*Prompt*: Apart from the pictures, every entry should be reproduced exactly.

─── Records for processing

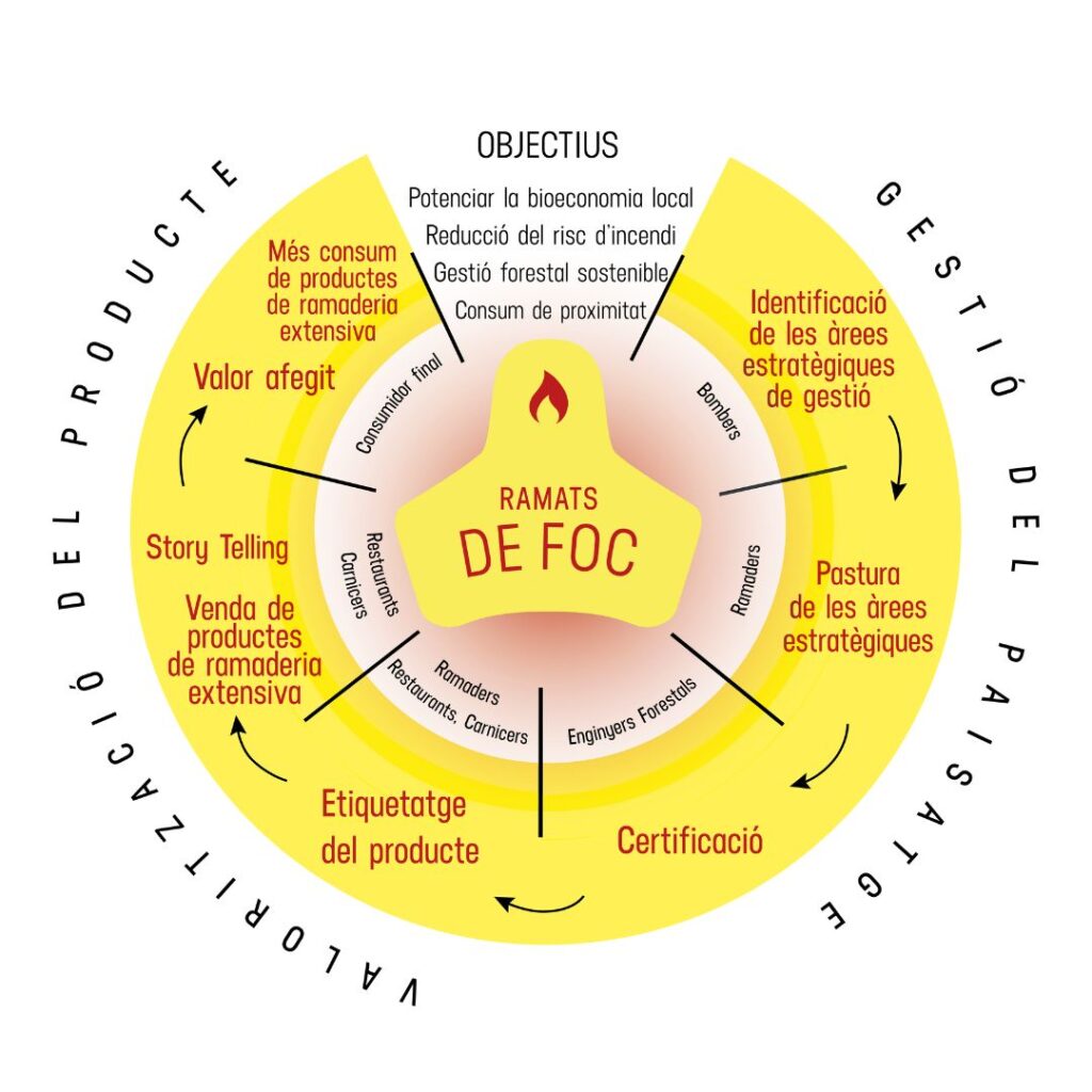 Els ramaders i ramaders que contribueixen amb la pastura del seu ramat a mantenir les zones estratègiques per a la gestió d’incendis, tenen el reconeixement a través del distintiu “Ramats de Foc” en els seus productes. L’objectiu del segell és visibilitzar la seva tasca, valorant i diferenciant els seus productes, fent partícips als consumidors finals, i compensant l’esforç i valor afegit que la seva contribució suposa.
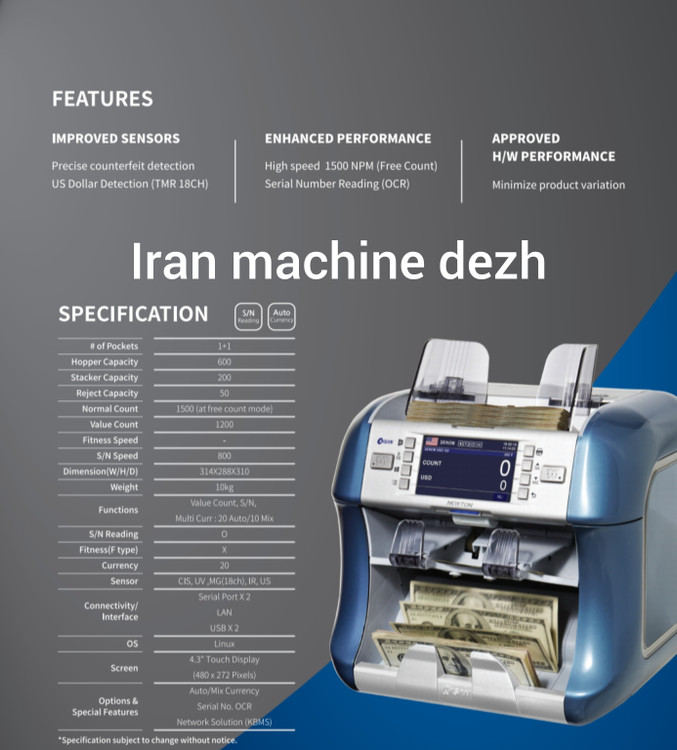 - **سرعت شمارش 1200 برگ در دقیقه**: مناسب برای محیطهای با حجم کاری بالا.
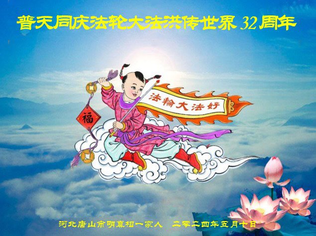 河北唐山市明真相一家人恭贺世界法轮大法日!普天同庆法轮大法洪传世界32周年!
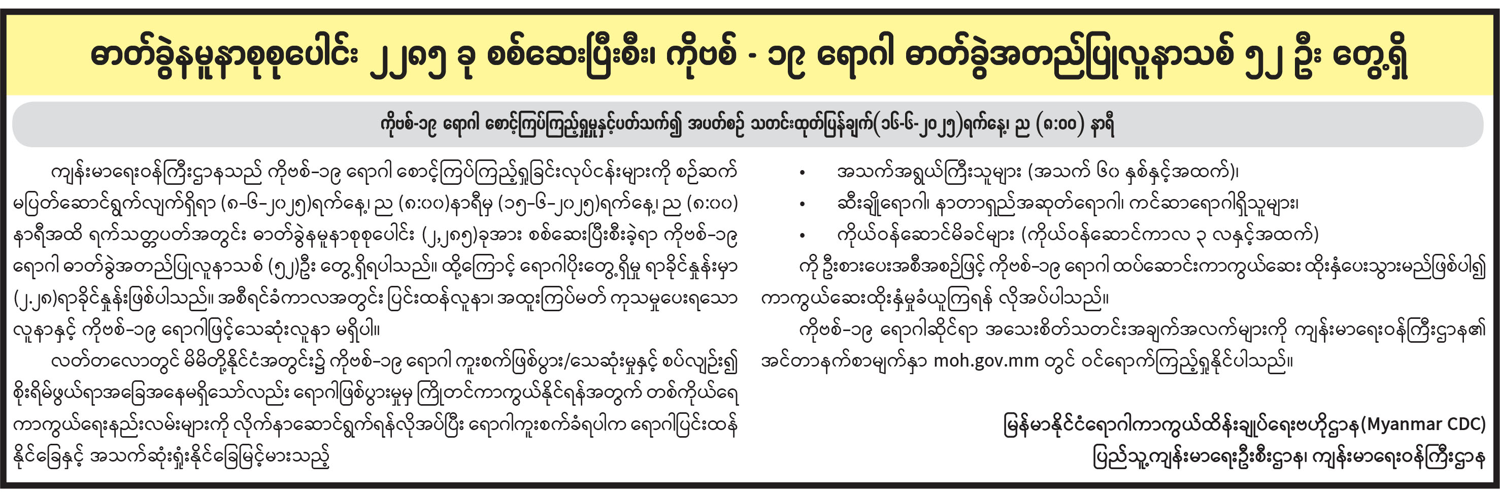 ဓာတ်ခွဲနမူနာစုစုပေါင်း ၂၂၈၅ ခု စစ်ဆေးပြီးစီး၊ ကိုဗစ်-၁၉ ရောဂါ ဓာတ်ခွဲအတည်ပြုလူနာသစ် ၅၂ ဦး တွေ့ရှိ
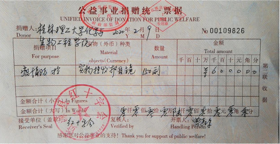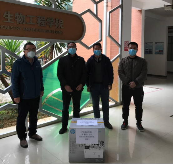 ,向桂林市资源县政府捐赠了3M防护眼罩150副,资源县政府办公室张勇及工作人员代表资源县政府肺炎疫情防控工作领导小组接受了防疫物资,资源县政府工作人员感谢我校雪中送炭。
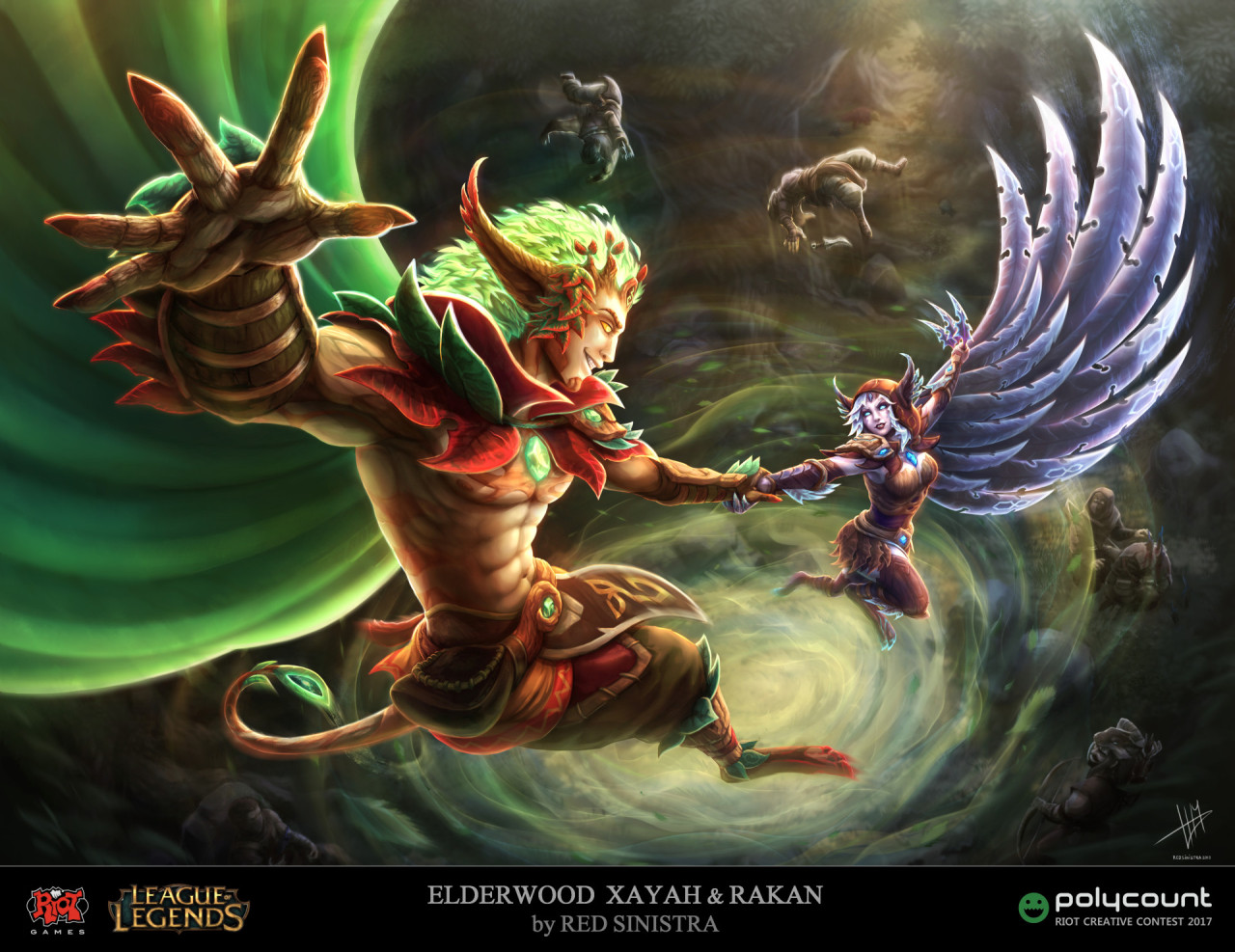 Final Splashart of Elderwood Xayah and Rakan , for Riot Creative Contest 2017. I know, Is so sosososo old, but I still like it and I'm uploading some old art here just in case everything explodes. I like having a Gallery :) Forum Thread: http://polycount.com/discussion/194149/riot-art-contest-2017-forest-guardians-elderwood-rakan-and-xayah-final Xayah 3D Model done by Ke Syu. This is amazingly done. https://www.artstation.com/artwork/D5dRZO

──────

*Expected output*:
 Els ramaders i ramaders que contribueixen amb la pastura del seu ramat a mantenir les zones estratègiques per a la gestió d’incendis, tenen el reconeixement a través del distintiu “Ramats de Foc” en els seus productes. L’objectiu del segell és visibilitzar la seva tasca, valorant i diferenciant els seus productes, fent partícips als consumidors finals, i compensant l’esforç i valor afegit que la seva contribució suposa.
 - **سرعت شمارش 1200 برگ در دقیقه**: مناسب برای محیطهای با حجم کاری بالا.
 河北唐山市明真相一家人恭贺世界法轮大法日!普天同庆法轮大法洪传世界32周年!
 ဓာတ်ခွဲနမူနာစုစုပေါင်း ၂၂၈၅ ခု စစ်ဆေးပြီးစီး၊ ကိုဗစ်-၁၉ ရောဂါ ဓာတ်ခွဲအတည်ပြုလူနာသစ် ၅၂ ဦး တွေ့ရှိ
 ,向桂林市资源县政府捐赠了3M防护眼罩150副,资源县政府办公室张勇及工作人员代表资源县政府肺炎疫情防控工作领导小组接受了防疫物资,资源县政府工作人员感谢我校雪中送炭。
 Final Splashart of Elderwood Xayah and Rakan , for Riot Creative Contest 2017. I know, Is so sosososo old, but I still like it and I'm uploading some old art here just in case everything explodes. I like having a Gallery :) Forum Thread: http://polycount.com/discussion/194149/riot-art-contest-2017-forest-guardians-elderwood-rakan-and-xayah-final Xayah 3D Model done by Ke Syu. This is amazingly done. https://www.artstation.com/artwork/D5dRZO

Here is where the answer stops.